«Бессилы поднебесные! Это же сколько я должен выпить, чтобы выдержать несколько часов с этим несуразным сгустком плоти и бессознательного?»
Она была прекрасна собой, но кроме зова плоти я не смог к ней ничего испытать. Это стало ясно с первых минут общения, но я почему-то, проникнувшись советами наведывавшегося во сне старого доброго друга, решительно вознамерился дать ей шанс. Но грабли на то и грабли, чтобы вспоминать о них лишь в момент свистящего удара черенком промеж глаз.
Причин, по которым я не прекратил прибегать к его подсказкам, больше, чем одна, но меньше, чем я должен был бы до себя допустить. Мы по-разному ощущали вкус жизни, и потому его выверенный годами практики рецепт зачастую аукался мне кишечной судорогой.
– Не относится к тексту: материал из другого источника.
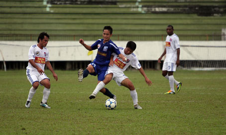| Đội Đồng Nai (áo trắng) thất bại trên chấm 11m trước K.Khánh Hòa. Ảnh: H.Anh |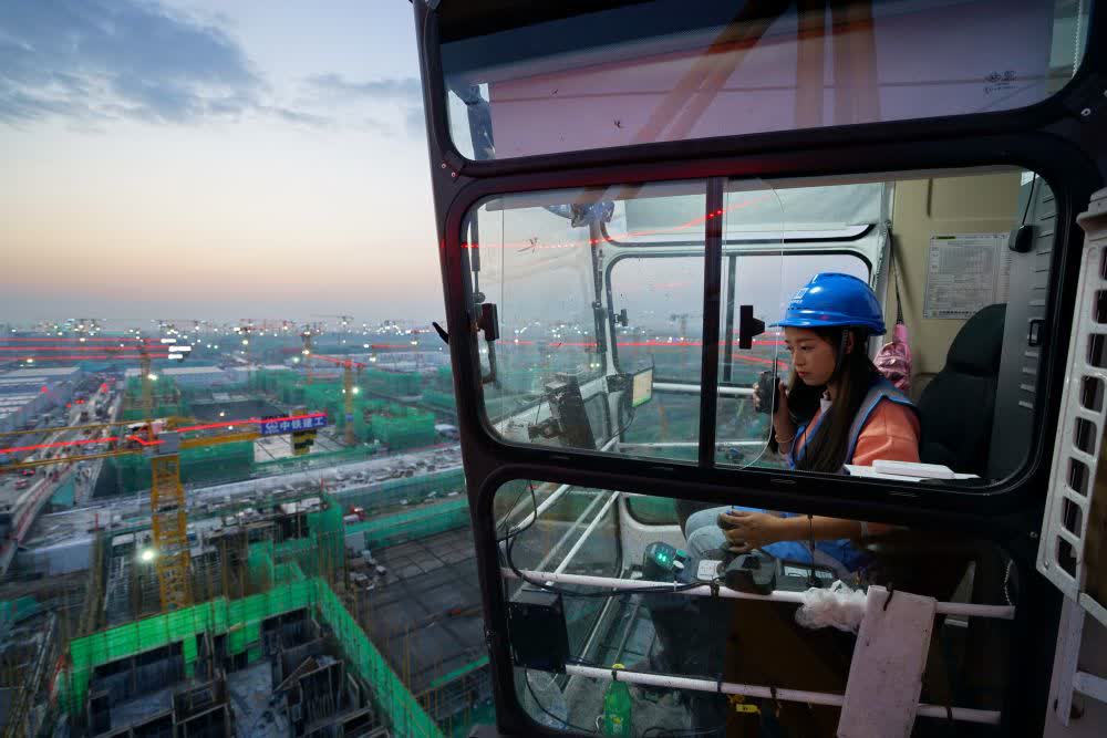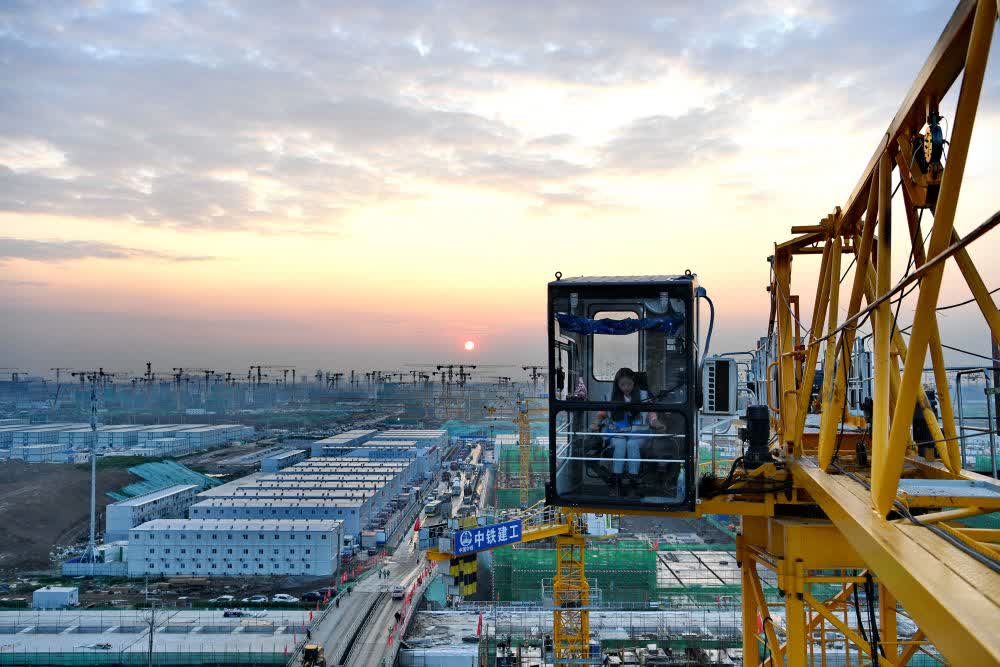 為了更好地突出這對「塔吊夫妻」的工作場景,有一些恐高的我站在塔吊臂上一個不足1平方米的變輻小車內,由阿洛春梅操作將我推至塔吊臂頂端。夕陽西下,落日、塔吊、建築與工作間內的阿洛春梅搭配在一起,雄安新區「拔節生長」之貌與建設者不舍晝夜的奮鬥之姿充分彰顯。

Возвратившись домой ни с чем, я даже в объятиях собственной постели не сумел предаться разрядке, ибо эта особа, с коей я был на свидании, истощила меня в ноль. Такова сила пустоты. Мне доставало ее и в себе, и пусть ее пустота была совершенного иного толка, ощущать ее присутствие мне не хотелось.
Мой старый добрый друг говорил: «В человеке сокрыт живительный источник, отыскав который ты станешь вечен: сначала испивая из этого источника, а потом став памятью детей и внуков – так, в совокупности прожитого и минутных воспоминаний, наберется век». Он был оптимистом. Он был романтиком. И это ему не помогло.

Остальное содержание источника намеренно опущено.